# Yiddish (possibly): itzik



## mateo19

Hello everyone,

I have a contact who has just changed his online nick name to "itzik".  One of my friends said it might be Yiddish.  Is it?  Does anyone know what this name or word might mean?  Thank you very much for your help!

Have a nice day, Matthew


----------



## Piotr_WRF

I don't speak Yiddish but this is most probably a diminutive of the name Isaac.


----------



## amikama

Piotr_WRF said:


> I don't speak Yiddish but this is most probably a diminutive of the name Isaac.


Yes, it is a diminutive of the Hebrew name Itzhak (Isaac). (I don't speak Yiddish either.)


----------



## jordkutz

It's just Yiddish for Issac


----------



## ilbisaac

As you might see by my username, "Itsik" is my Yiddish name.

To be clear, however:
Isaac is a Biblical name in English. It's Hebrew equivalent (which came first) is יצחק, pronounced "YitzCHAK." It's Yiddish equivalent, which is the same name but with an Ashkenazic pronunciation, is "YITSkhok." Yiddish nicknames are Itsik איציק or Itsikl איציקל.


----------



## Nunty

Itzik is also the Hebrew diminutive for Yitzhak (Isaac).


----------



## Piotr_WRF

ilbisaac said:


> Yiddish nicknames are Itsik איציק or Itsikl איציקל.



Do you mean that a nickname is here not the same as a diminutive?
I was a little surprised that for example Itzik Manger's "official" first name was _Itzik_; I would have thought that it would be rather _Yitskhok_ and _Itzik_ would be how family members and friends would have called him.


----------



## Kolan

*Itzik* (*ицык*), aside of being a popular Jewish name (diminutive), in Russian slang means "jail, prison"

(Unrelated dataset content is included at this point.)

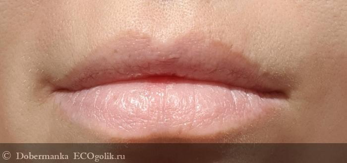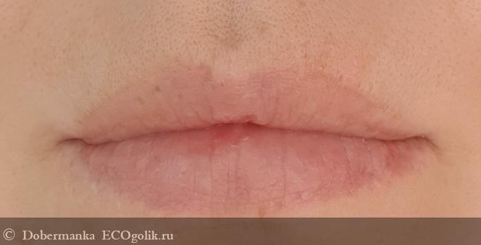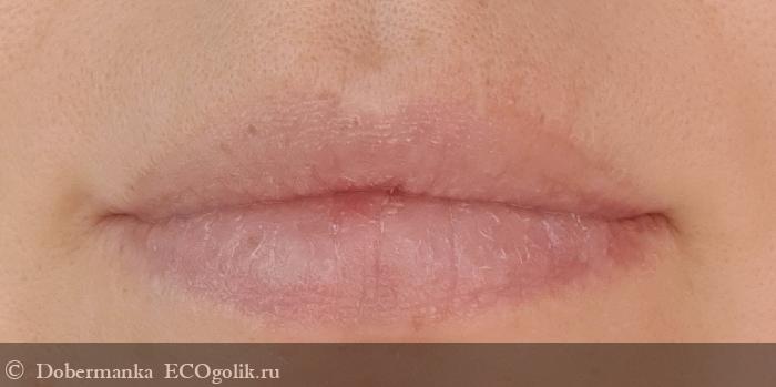 Тут бальзам нанесен очень тонким слоем, как можно ровнее, кончиком пальца. А если нанести больше - все неровности и шелушения будут заметны еще больше.

Postimees: Лаар: Политика России не изменится
Страны Балтии хотят обсудить в Париже поведение России (67) *...* г-ну Лаару неплохо бы полечиться от паранойи, если не поможет- пожизненный *ицык* с гвоздями *...*
*rus.postimees.ee*/150908/glavnaja/estonija/40604.php


*biotech*
Самое главное, что в историческом масштабе мы все это уже проходили, спасибо, больше не хочется. *...* Судя по всему, завтра нас ожидает коллективный *ицык* с гвоздями. *...*
www.*ostrov.ca*/biotech.htm


Among fishermen (another slang) *itzik* stands for *язь*, *ide* , Idus (lat.) - fish

*Сленг* 
*Язь* - *ицык*, ицман. Чехонь - чахлая, чехотка, сабля, нержавейка. Сом крупный - усатый (говорят те, кто его уважает), жаба (говорят те, кто его дерет) *...*
*fishing.kiev.ua*/buhara/sleng.htm


----------